ADVISORY, CONSULTING AND
The Cincinnati Enquirer
The records lining the shelves of the Cincinnati Historical Society's business archives program might be faded and out of date, but their keeper says many contain valuable tools for corporate planners.
Speaking in his basement quarters at the Museum Center in Union Terminal, surrounded by records of deals signed and sealed years ago, business archivist Steven L. Wright argues that too few businesses realize the importance of old records.
"A lot of businessmen think historians are muckrakers, but we're not like that at all," says Wright, a former Army helicopter pilot who holds a master's degree in history.
"Our goal is to educate businessmen on the need to keep records that will help them in decision-making."Records can answer questions about reasons for launching certain products or locating in a certain place - and accurate records on employee health can even help save money on insurance costs, he says.
"Ninety percent of what a business produces is trash, but the rest is of an archival nature that helps preserve the institutional memory and serve corporate planning," Wright explains.
The archivist cites Cincinnati's The Verdin Co. as an example of a business using records in daily activities.
A 150-year-old manufacturer of clocks and bells for clients around the world, Verdin had Wright organize its historical records, keeping those of importance and discarding those of no value. Verdin now uses the records so often to look up old orders and projects that they are stored at company headquarters instead of at the museum.
The Cincinnati Historical Society has always collected business records. Wright was hired two years ago to start the business archives when the group moved to more spacious quarters in Union Terminal.
The idea of a business archive came about when Museum Director Gale E. Peterson put together two recommendations for the project.
In one, manuscripts director Jonathan Dembo called for a business archives program because he had found a scarcity of business records in his research for a doctorate in labor history. In the other, museum board member George Makrauer, president and chief executive officer of Amko Plastics Inc., suggested a more systematic collection of business records.

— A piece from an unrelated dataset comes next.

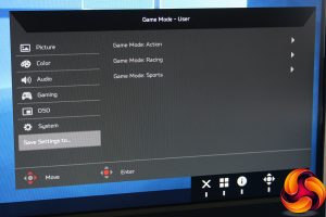Although the OSD Modes are presets, you can overwrite them with your own configurations for the three different game types represented – Action, Racing and Sports.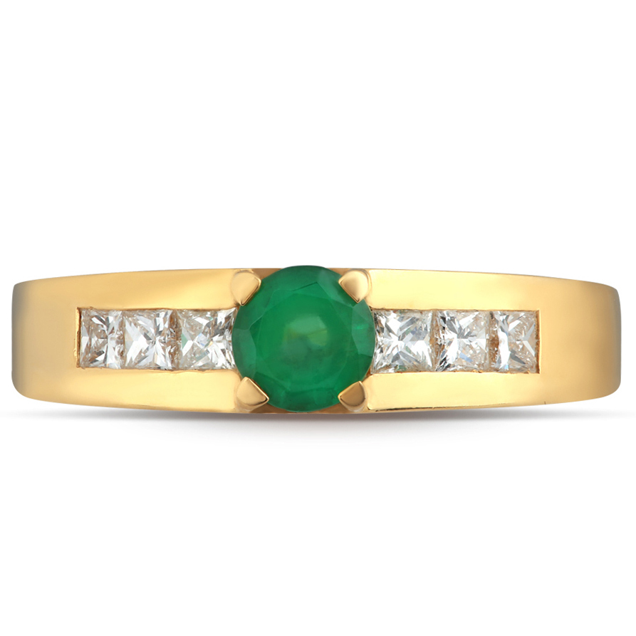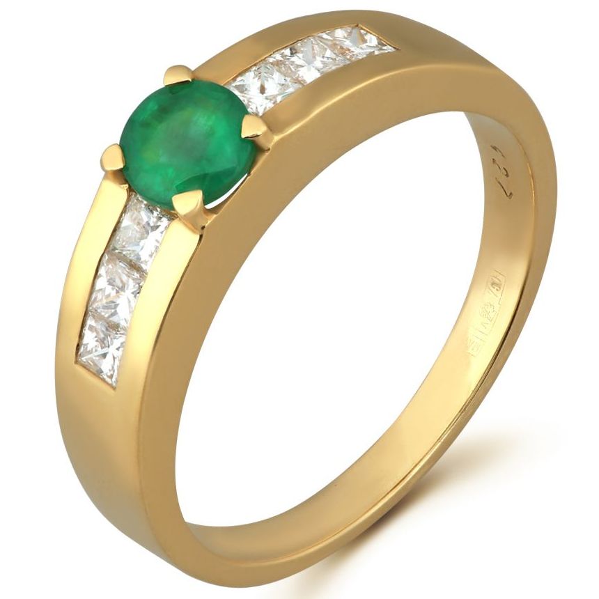 Кольцо из желтого золота с изумрудом и бриллиантами

Since May, Wright's office has been working on 65 cubic feet of records from the Cincinnati Stock Exchange. Volunteers are going through the records page by page, removing paper clips and putting materials into chronological order.
After volunteers finish their work, Wright will decide which records are worth keeping. In this case, the collection includes board minutes, securities rule books, photographs, a daily readout on all the stocks of the 1880s and daily stock quotes.
In the summer of 1993, he says, these records will become part of the archives under the name of The D. Rosemary Goodrich Archives of the Cincinnati Stock Exchange. Goodrich, who retired from the exchange last year, was instrumental in saving the records from extinction.
On a tour of the rows of records encased in decay-preventing acid-free boxes and folders, Wright points out some well-known names: Stearns & Foster, the Gilligan Funeral Home, Mosler Safe, Star Bank, the William S. Merrell Co. (a Cincinnati-based predecessor of the modern-day Marion Merrell Dow Inc.), the former garbage can manufacturer F. H. Lawson Co., the old LeBlond Machine Tool Co. and the Cincinnati Athletic Club.
Wright has been working on a history of the old Fleischmann Yeast Co., scheduled in 1993 to celebrate the 125th year of its founding in Cincinnati. Today, the product is owned by Specialty Brands, San Francisco.
When Wright ran into conflicting dates - 1871 and 1872 - for a fire that destroyed the Fleischmann plant, he obtained the correct date from the more than 100 years of records contributed to the archives by the Cincinnati Fire Department. The fire occurred in January of 1871.
"The fire department kept excellent records," Wright says, adding, "They even smell like smoke."